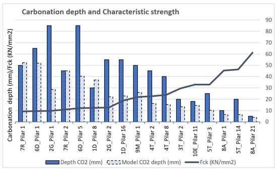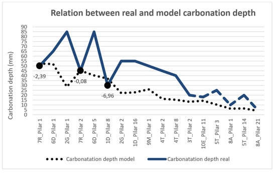 Figure 12 is a comparison of the real results and the figures derived from the model, and we can observe that in three cases, namely 7R_Pillar 1, 7R_Pillar 2 and 1D_Pillar 8, the real carbonation is less than or equal to the model’s figures, with values of 2.39, 0.08 and 6.96 mm, respectively, which is less than expected (points indicated in Figure 9). These are pillars with low f and ages of approximately 24 years. In all the other cases, the carbonation depth of the concrete is greater than the estimated value.
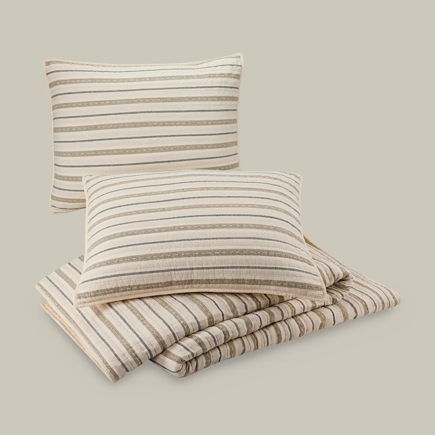 The Lucien Quilt touches on the legacy of 18th-century French woven stripes to create beautiful cotton flanneled set with an exquisitely soft hand feel. A 1-inch horizontal channel stitch adds a gorgeous textural pattern to the yarn dye face, while cotton fill and percale backing complete the luxe cozy set. Quilt and shams sold separately; shams are packed individually.
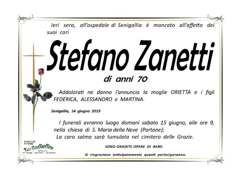 Ieri sera, all’ospedale di Senigallia è mancato all’affetto dei suoi cari Stefano Zanetti di anni 70.
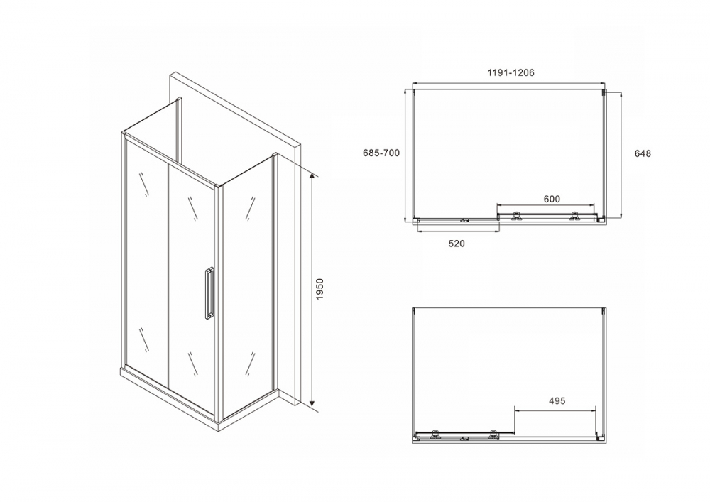 Душевой уголок ABBER Schwarzer Diamant AG30120BH-S70B-S70B
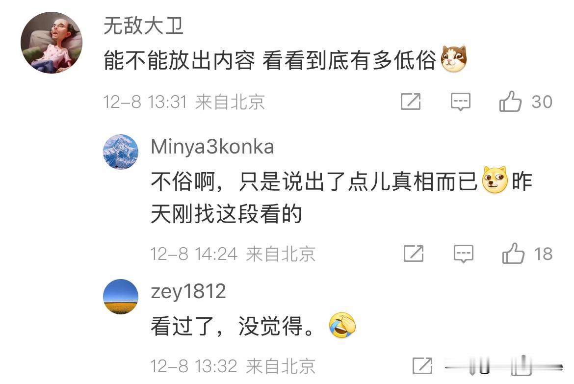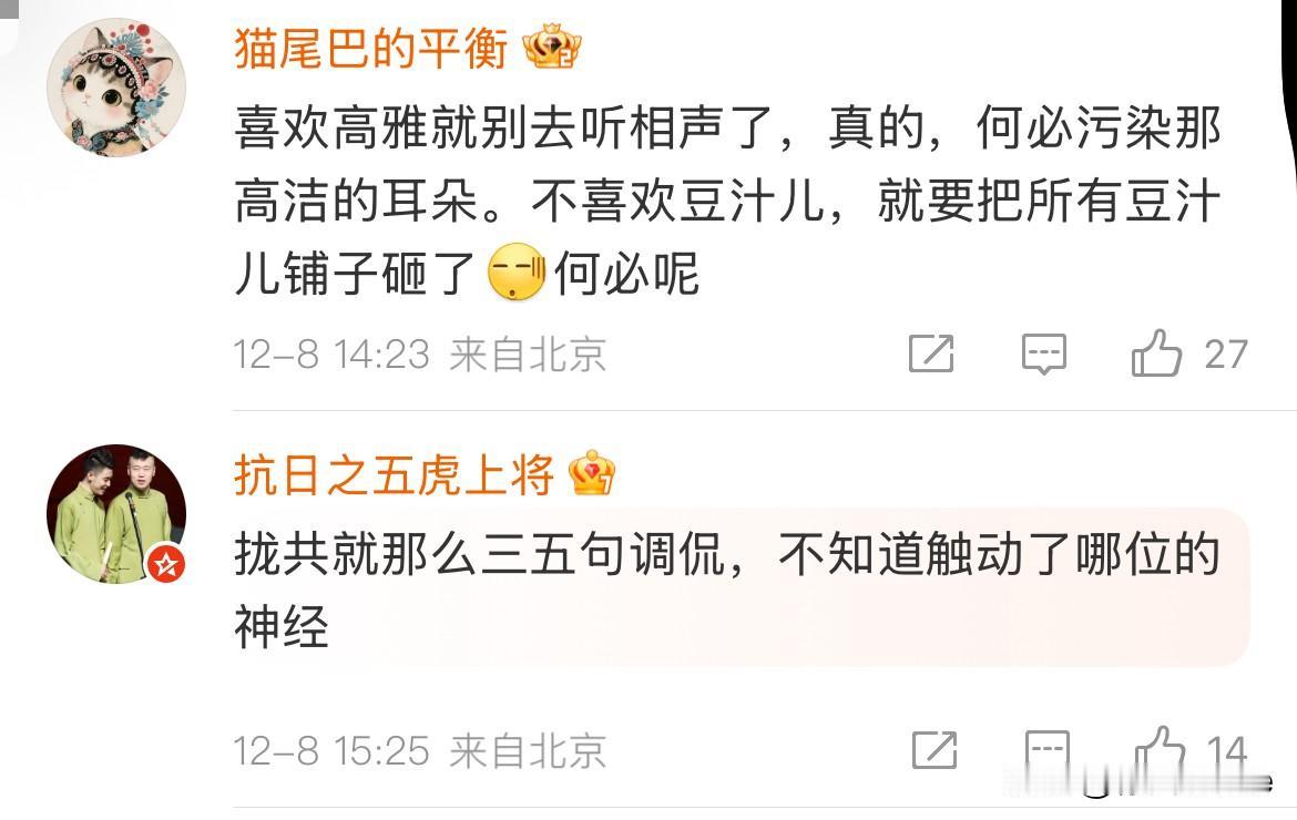 12月8日,郭德纲相声《艺高人胆小》被举报内容低俗,网友一边倒站位郭德纲! 相声本就是市井文化,俗才更贴近大众心声! 对于网友的评价我是认可的,每个人从小到大基本都听过相声,它本就是民间俗文化,讲的也都是些家长里短婆婆妈妈兄弟姐妹台上台下看官们的调侃话,要说它俗,它确实俗,说它底水平,也确实是,但两个字放在一起,是没有的,特别是这些年看着德云社的综艺,看他们创作相声的过程,每个人心里都有谱,什么能讲什么不能讲,徒弟们都知道的事,师傅还会冒犯么?
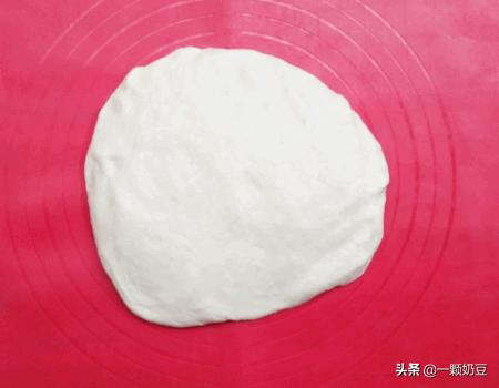 5、把发酵好的面团放在揉面垫上,按压排气。
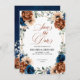 Elegante azul marino, Terracotta , boda temática Naranja de tierra floral salva la carta de fecha con elegante ramo de azul marino, rosas de color terracota y hojas de eucalipto verde. Comuníquese conmigo para obtener ayuda sobre la personalización o si necesita cualquier otro producto con este diseño.
__________
▶ _Exercise prompt_
Your copy should hold the lines from the one with "Ieri sera, all’ospedale" up to and including the one with "Душевой уголок ABBER", exactly as in the data above, and no pictures.

▶ _Solution for this exercise_
 Ieri sera, all’ospedale di Senigallia è mancato all’affetto dei suoi cari Stefano Zanetti di anni 70.
 Душевой уголок ABBER Schwarzer Diamant AG30120BH-S70B-S70B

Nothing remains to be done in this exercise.